**Work item:** Without including any pictures, reproduce the full listing exactly.

** Opening Data extract block **

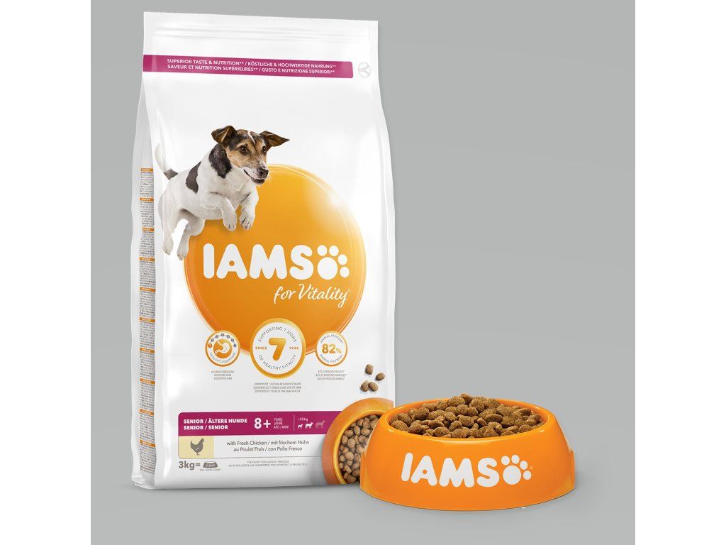 Krmivo IAMS for Vitality pro psí seniory malých a středních plemen je 100% kompletní a vyvážené, odborníky sestavené krmivo, které bude vašemu zvířeti chutnat a svědčit. Naše nová a vylepšená receptura pro psí seniory s čerstvým kuřecím masem je založena na pečlivě vybraných, kvalitních živočišných bílkovinách, které podporují sedm znaků zdravé vitality psa. Aby byl váš pes zdravý, aktivní a plný energie, obsahují naše lahodné receptury až 82 % živočišných bílkovin (z celkového obsahu bílkovin).
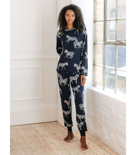 Nights on the sofa have never been so wild. With a bold, beautiful print and a loose fit, our navy Zebra Long Pyjamas Set are the perfect combination of style and cosiness. The drawstring waistband offers ultimate comfort for lazing. Lavable en machine. 95% Polyester, 5% Elasthanne. ...
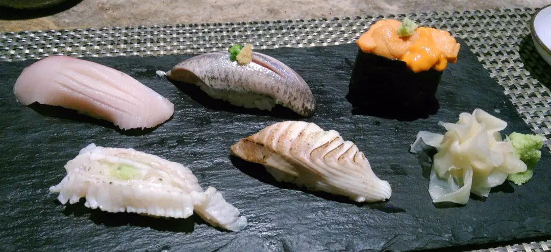 油甘魚腩壽司 / 池魚壽司 / 海膽軍艦壽司 / 左口魚裙邊 / 炙燒銀鱈魚壽司

** Closing Data extract block **

**Answer below:**
 Krmivo IAMS for Vitality pro psí seniory malých a středních plemen je 100% kompletní a vyvážené, odborníky sestavené krmivo, které bude vašemu zvířeti chutnat a svědčit. Naše nová a vylepšená receptura pro psí seniory s čerstvým kuřecím masem je založena na pečlivě vybraných, kvalitních živočišných bílkovinách, které podporují sedm znaků zdravé vitality psa. Aby byl váš pes zdravý, aktivní a plný energie, obsahují naše lahodné receptury až 82 % živočišných bílkovin (z celkového obsahu bílkovin).
 Nights on the sofa have never been so wild. With a bold, beautiful print and a loose fit, our navy Zebra Long Pyjamas Set are the perfect combination of style and cosiness. The drawstring waistband offers ultimate comfort for lazing. Lavable en machine. 95% Polyester, 5% Elasthanne. ...
 油甘魚腩壽司 / 池魚壽司 / 海膽軍艦壽司 / 左口魚裙邊 / 炙燒銀鱈魚壽司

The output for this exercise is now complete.